Robert L. Heilbroner says in his The Great Ascent, “the populations of the great continents of the East and South” “effected little or no noticeable change in the character of twentieth-century civilization.

Maybe a contributor to arriving at this type of conclusion is found in reducing

Maybe part of the reason this type of conclusion can even appear tenable is the same thinking that gives rise to reducing complex matters to a few variables and declaring the rest as externalities. If one decides that human progress depends on say production levels, investment levels, and the application of industrial technology, then you will overlook progress in any other areas such as the establishment of practices that allow for a sustained relationship with the land, social arrangements that contribute to universal participation, cultural values that place a importance on a historical perspective and elders, strong patterns of warm fellowship. Then, in surveying the movement of the various populations of humanity one finds their preferred variables existing with strength in one population and then might have the tendency to view the vast other changes in human affairs as arbitrary rather than in terms of progress or regress.

This, it seems, is a limitation of a materialistic conception of development which cannot hope to sufficiently correspond to the wide range of human endeavor.

Of course, the experience of the worldwide Baha'i community is not reflecting that the likes of investment levels, production levels, and industrial technology are the great determiners of collective progress. I expect that the diverse strengths of the varied people of the world are finding, where channeled their role in human progress and the establishment of prosperous communities. This is a larger set of human creations which investment, production, and industrial technology themselves belong to, all of which spring out of human capacity. It is in the strengthening and development of human powers that sciences, technologies, systems and crafts will progress, and it is through moral and religious power that they will be bent to human prosperity and attain their perfection. ‘Abdu’l-Bahá wrote,

Consider carefully: all these highly varied phenomena, these concepts, this knowledge, these technical procedures and philosophical systems, these sciences, arts, industries and inventions—all are emanations of the human mind. Whatever people has ventured deeper into this shoreless sea, has come to excel the rest. The happiness and pride of a nation consist in this, that it should shine out like the sun in the high heaven of knowledge. “Shall they who have knowledge and they who have it not, be treated alike?” And the honor and distinction of the individual consist in this, that he among all the world’s multitudes should become a source of social good. Is any larger bounty conceivable than this, that an individual, looking within himself, should find that by the confirming grace of God he has become the cause of peace and well-being, of happiness and advantage to his fellow men?
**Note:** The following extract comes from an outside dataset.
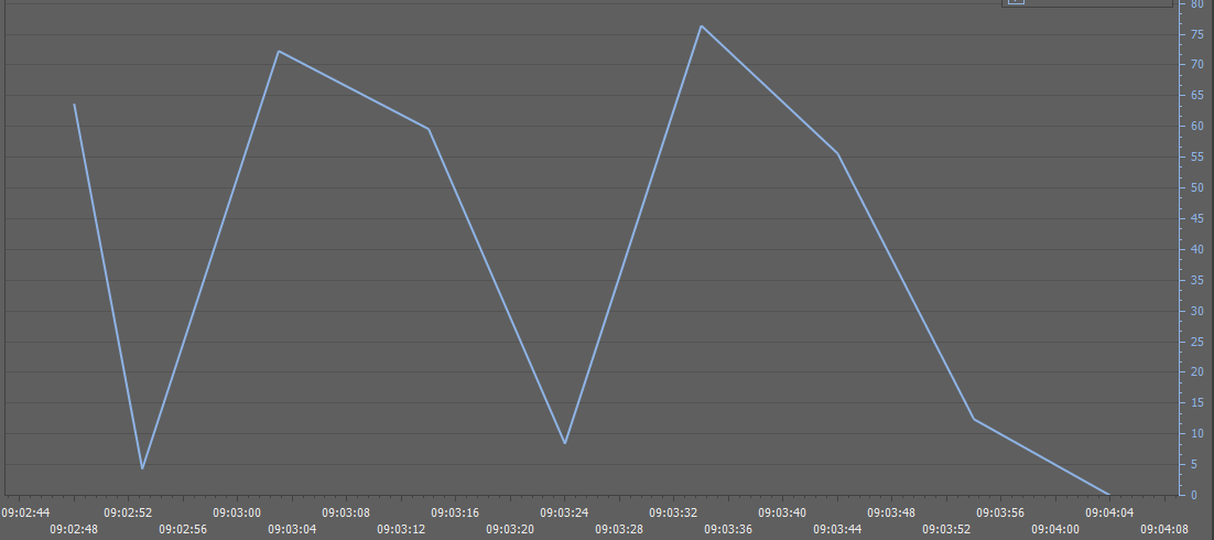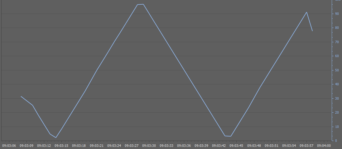 Historical data of the 'Ramp' component operating in the 'RateFolder' component with the 'App Cycles To Skip' slot set to extend the cycle to 1 minute
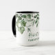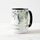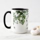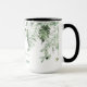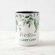 Nombre familiar Cabin Watercolor Vegetación Botánica Café Mug incluye hiedra, helecho y hojas de salvia.

No, by the one true God, there is no greater bliss, no more complete delight.1

Bahá’u’lláh has written,

O kings of the earth! We see you increasing every year your expenditures, and laying the burden thereof on your subjects. This, verily, is wholly and grossly unjust. Fear the sighs and tears of this wronged One, and lay not excessive burdens on your peoples. Do not rob them to rear palaces for yourselves; nay rather choose for them that which ye choose for yourselves. Thus We unfold to your eyes that which profiteth you, if ye but perceive. Your people are your treasures. Beware lest your rule violate the commandments of God, and ye deliver your wards to the hands of the robber. By them ye rule, by their means ye subsist, by their aid ye conquer. Yet, how disdainfully ye look upon them! How strange, how very strange! (Gleanings from the Writings of Bahá’u’lláh) www.bahai.org/r/51929839

It can be said that there is a special relationship between mankind and the poor. Poverty in relation to God is an attribute of man; through the daily Obligatory Prayers we are enjoyed to confess daily our own poverty and lack and testify to the wealth of God. So, in a way, the materially poor possess outwardly a quality that the whole of mankind possesses inwardly.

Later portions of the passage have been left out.